Records provided -
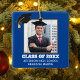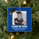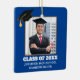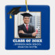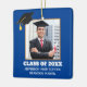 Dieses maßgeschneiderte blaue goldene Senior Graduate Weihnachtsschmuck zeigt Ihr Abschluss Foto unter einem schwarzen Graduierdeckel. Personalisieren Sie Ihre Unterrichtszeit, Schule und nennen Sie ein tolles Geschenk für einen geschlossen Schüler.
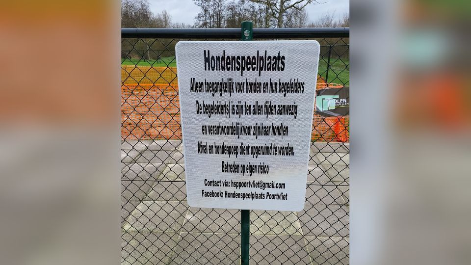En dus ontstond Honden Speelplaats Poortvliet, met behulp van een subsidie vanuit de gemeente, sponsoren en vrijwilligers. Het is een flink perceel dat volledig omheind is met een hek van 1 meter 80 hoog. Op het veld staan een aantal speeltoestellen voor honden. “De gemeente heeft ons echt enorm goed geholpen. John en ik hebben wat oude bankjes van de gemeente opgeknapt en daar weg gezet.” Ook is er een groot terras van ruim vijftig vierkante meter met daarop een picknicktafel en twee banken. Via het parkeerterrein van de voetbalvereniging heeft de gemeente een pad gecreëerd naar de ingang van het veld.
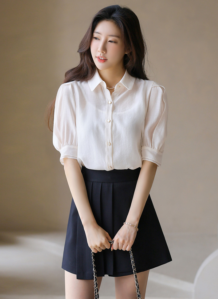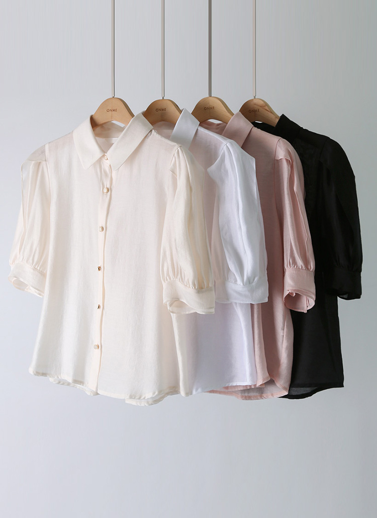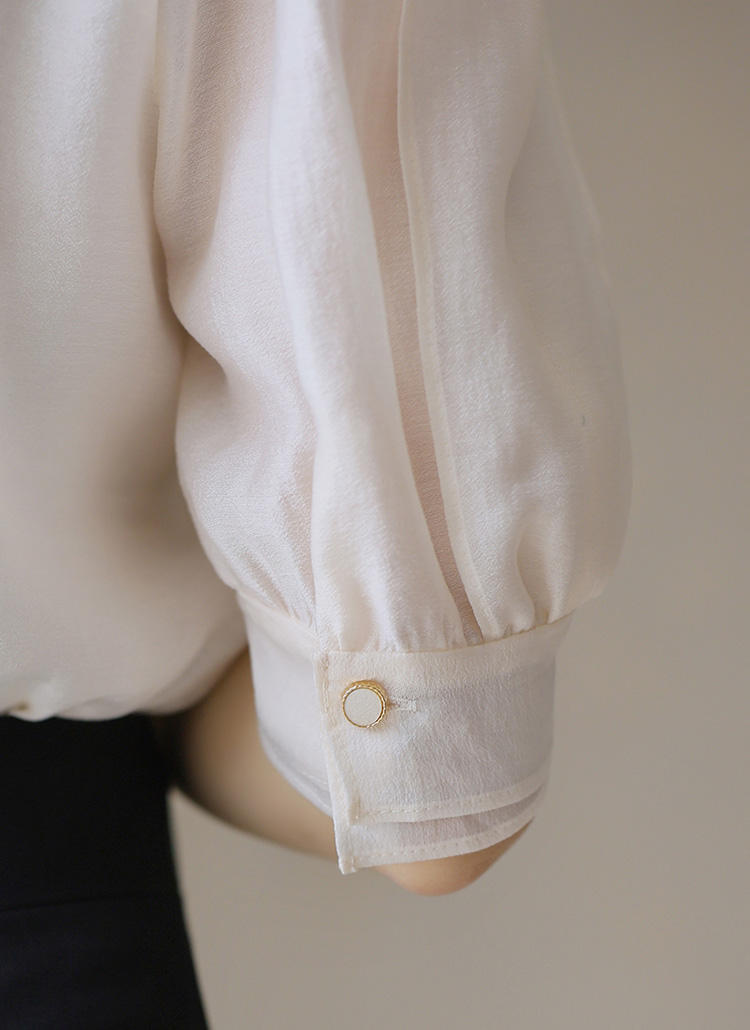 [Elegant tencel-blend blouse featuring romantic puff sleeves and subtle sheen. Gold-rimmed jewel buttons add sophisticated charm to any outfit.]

* * *

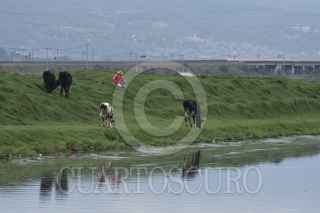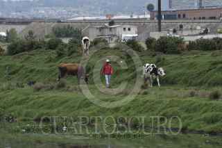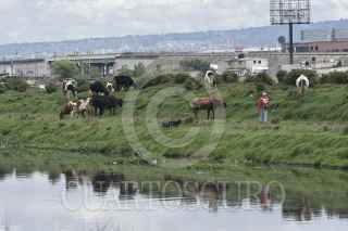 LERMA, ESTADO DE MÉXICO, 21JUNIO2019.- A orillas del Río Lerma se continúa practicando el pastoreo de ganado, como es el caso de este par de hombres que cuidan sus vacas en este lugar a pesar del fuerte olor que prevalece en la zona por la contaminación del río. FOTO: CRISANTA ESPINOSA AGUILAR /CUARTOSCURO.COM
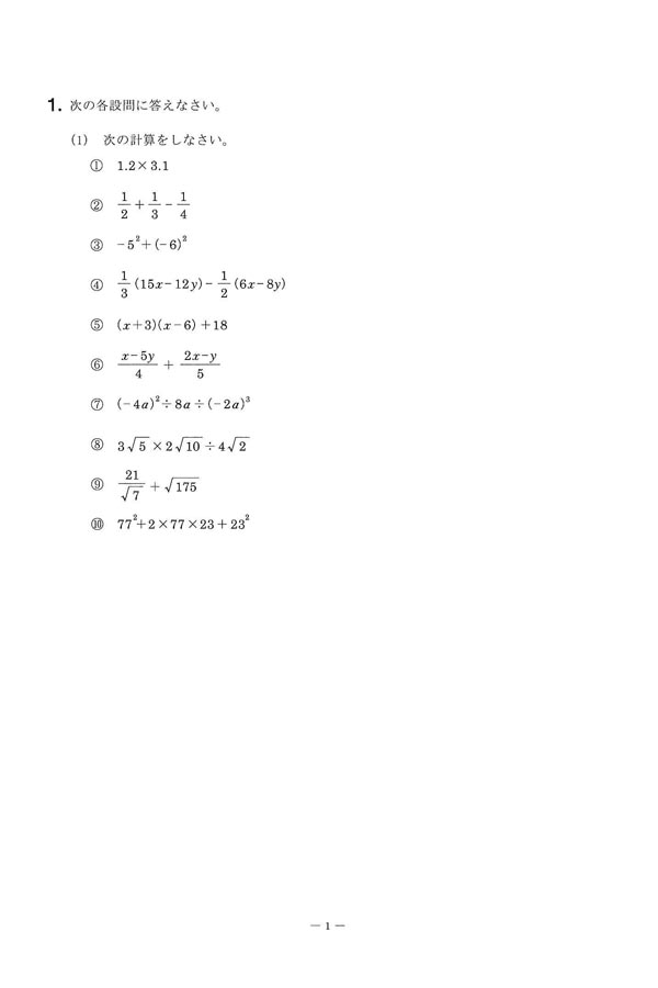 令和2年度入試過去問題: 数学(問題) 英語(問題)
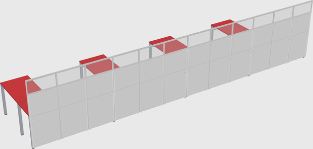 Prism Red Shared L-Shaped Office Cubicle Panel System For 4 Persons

...

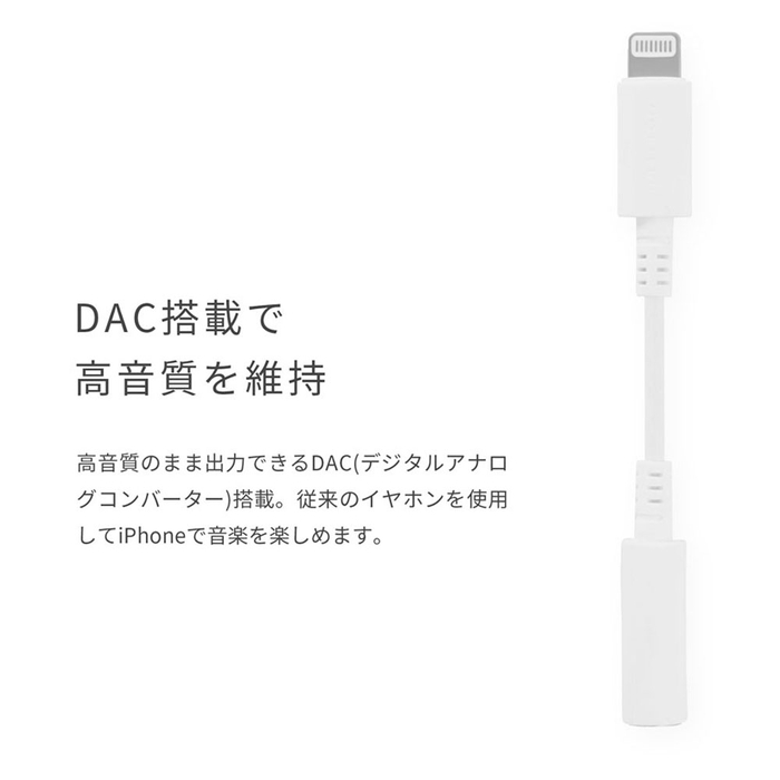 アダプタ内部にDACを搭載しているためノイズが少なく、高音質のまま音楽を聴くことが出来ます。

Exercise description - Using the entries above, repeat exactly the lines from the one with "LERMA, ESTADO DE" to the one with "Prism Red Shared", both included, and leave the pictures behind.

Answer to the exercise -
 LERMA, ESTADO DE MÉXICO, 21JUNIO2019.- A orillas del Río Lerma se continúa practicando el pastoreo de ganado, como es el caso de este par de hombres que cuidan sus vacas en este lugar a pesar del fuerte olor que prevalece en la zona por la contaminación del río. FOTO: CRISANTA ESPINOSA AGUILAR /CUARTOSCURO.COM
 令和2年度入試過去問題: 数学(問題) 英語(問題)
 Prism Red Shared L-Shaped Office Cubicle Panel System For 4 Persons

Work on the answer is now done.